A PAF provoca perda de sensibilidade e dos movimentos; conheça tratamento e sua história

As caravelas portuguesas que saiam de Portugal há pouco mais de 500 anos rumo ao Brasil não traziam apenas uma nova cultura a bordo para influenciar a terra tupiniquim. Embarcaram também com uma doença rara, progressiva, incurável, que pode levar à morte dez anos após os primeiros sintomas, se não tiver tratamento adequado. A PAF (polineuropatia amiloidótica familiar) ou paramiloidose chegou aqui com os imigrantes e, hoje, há 5.000 brasileiros com a doença, porém 200 diagnosticados, ou seja, a doença ainda é desconhecida.

Formigamentos, perda de sensibilidade à dor e temperatura nos pés e nas mãos, perda de peso são os primeiros sinais da PAF, que começa se manifestar por volta dos 30 anos (37 em mulheres e 32 anos em homens). A polineuropatia evolui e pode levar o paciente à atrofia, perda do equilíbrio e movimentos com o passar do tempo.

Problemas nos rins, gastrointestinal, como diarreias, disfunção sexual no homem também são comuns, destacou a médica Isabel Conceição, do Hospital Santa Maria, de Lisboa, um dos centros de referências de PAF em Portugal.

A doença ocorre por causa de uma mutação genética que faz com que a proteína transtirretina (TTR) seja produzida de forma instável e se deposite em diversos tecidos do corpo, inteferindo em seu funcionamento. A TTR é fabricada no fígado quase em sua totalidade (95%), mas também é sintetizada pelo cérebro e pelo vítreo, região próxima à retina.

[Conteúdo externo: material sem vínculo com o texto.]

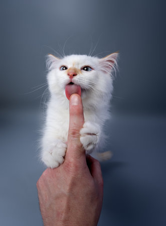 cute white siberian kitten licking finger of human hand on gray studio background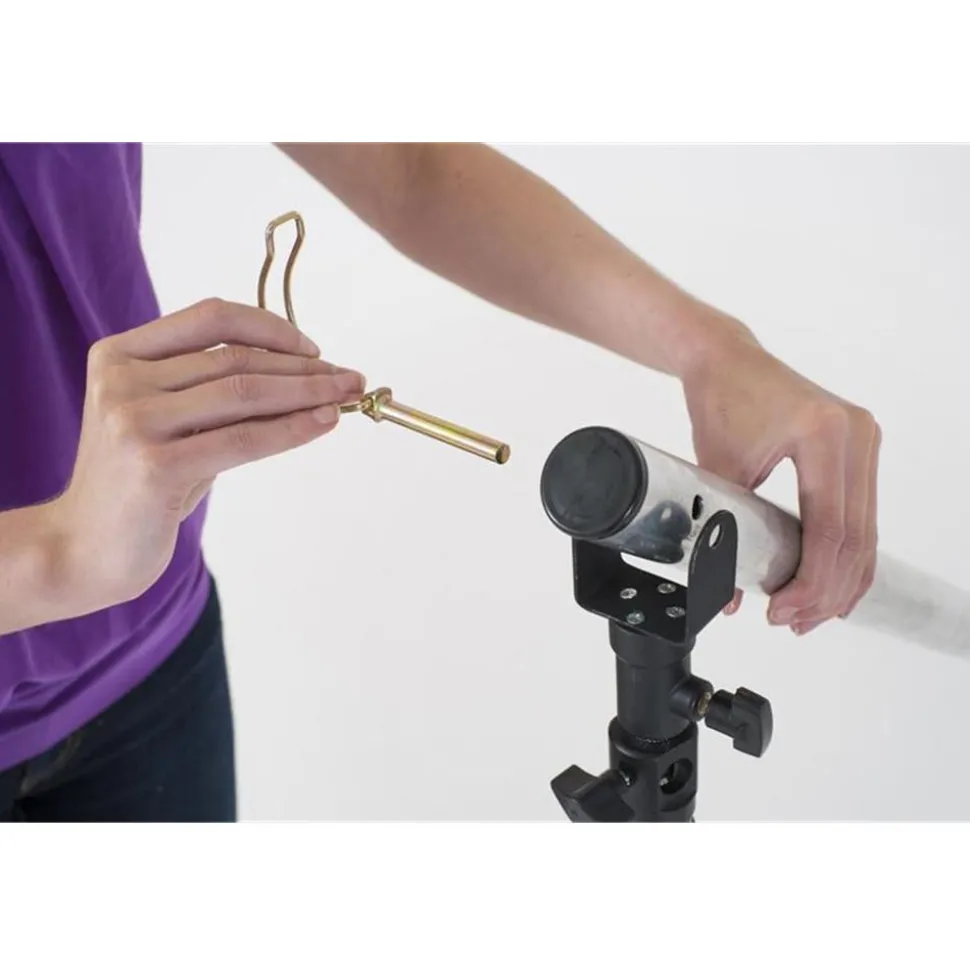 The Solo Background Support features a unique pivoting cross bar which makes raising the background on the supports a much easier and safer operation. Rather than step by step adjustments at each end of the support system, the new pivoting connectors allow for much greater steps without making the whole structure unstable and unmanageable. The support is available as a 10ft wide or 13ft wide solution. The 13ft version can also be extended to 19.7ft to accommodate wider textile backgrounds with the optional 6.5ft extension (LL LB1143). Each kit comes in a handy carry case which fits easily into a car.

Há mais de 130 mutações já identificadas que podem desencadear a condição. Porém, a mais comum em todo mundo é a dos portugueses (V30M) – também a mais prevalente no Brasil.
A geneticista do Hospital Santa Maria Ana Berta Sousa explica que a PAF é uma doença autossômica dominante. Mas o que isso significa? Que ela pode afetar igualmente ambos os sexos e basta ter apenas uma cópia defeituosa do gene com a mutação para desenvolver a doença.

Para descobrir se o paciente tem ou não a mutação é necessário fazer um teste genético. No Brasil, o exame é feito com indicação médica em pessoas acima dos 18 anos com sintomas da doença ou com histórico familiar da doença.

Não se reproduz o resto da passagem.